Since the beginning of the coronavirus disease 2019 (COVID-19) pandemic, numerous severe acute respiratory syndrome coronavirus 2 (SARS-CoV-2) variants have emerged, some leading to large increases in infections, hospitalizations and deaths globally. The virus’s impact on public health depends on many factors, including the emergence of new viral variants and their global spread. Consequently, the early detection and surveillance of variants and characterization of their clinical effects are vital for assessing their health risk. The unprecedented capacity for viral genomic sequencing and data sharing built globally during the pandemic has enabled new variants to be rapidly detected and assessed. This article describes the main variants circulating globally between January 2020 and June 2023, the genetic features driving variant evolution, and the epidemiological impact of these variants across countries and regions.

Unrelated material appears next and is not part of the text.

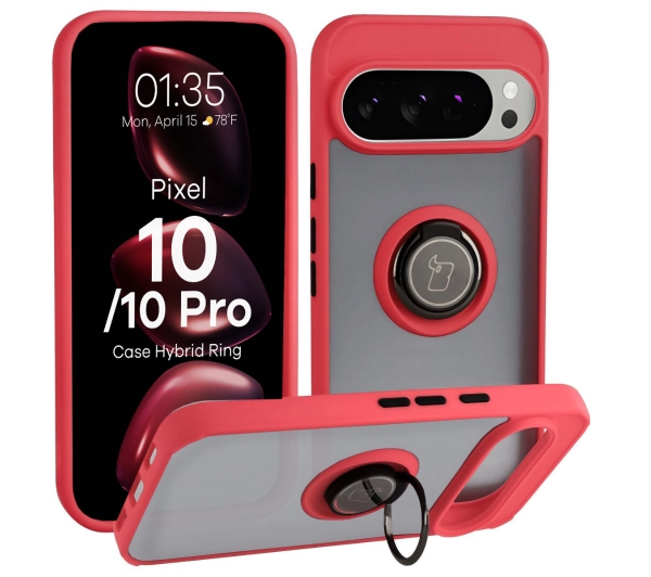 Etui Bizon z uchwytem na palec Hybrid Ring do Google Pixel 10 / Google Pixel 10 Pro Przydymione z Czerwoną ramką

Second, we report how integrating genetic variant surveillance with epidemiological data and event-based surveillance, through a network of World Health Organization partners, supported risk assessment and helped provide guidance on pandemic responses. In addition, given the evolutionary characteristics of circulating variants and the immune status of populations, we propose future directions for the sustainable genomic surveillance of SARS-CoV-2 variants, both nationally and internationally: (i) optimizing variant surveillance by including environmental monitoring; (ii) coordinating laboratory assessment of variant evolution and phenotype; (iii) linking data on circulating variants with clinical data; and (iv) expanding genomic surveillance to additional pathogens. Experience during the COVID-19 pandemic has shown that genomic surveillance of pathogens can provide essential, timely and evidence-based information for public health decision-making.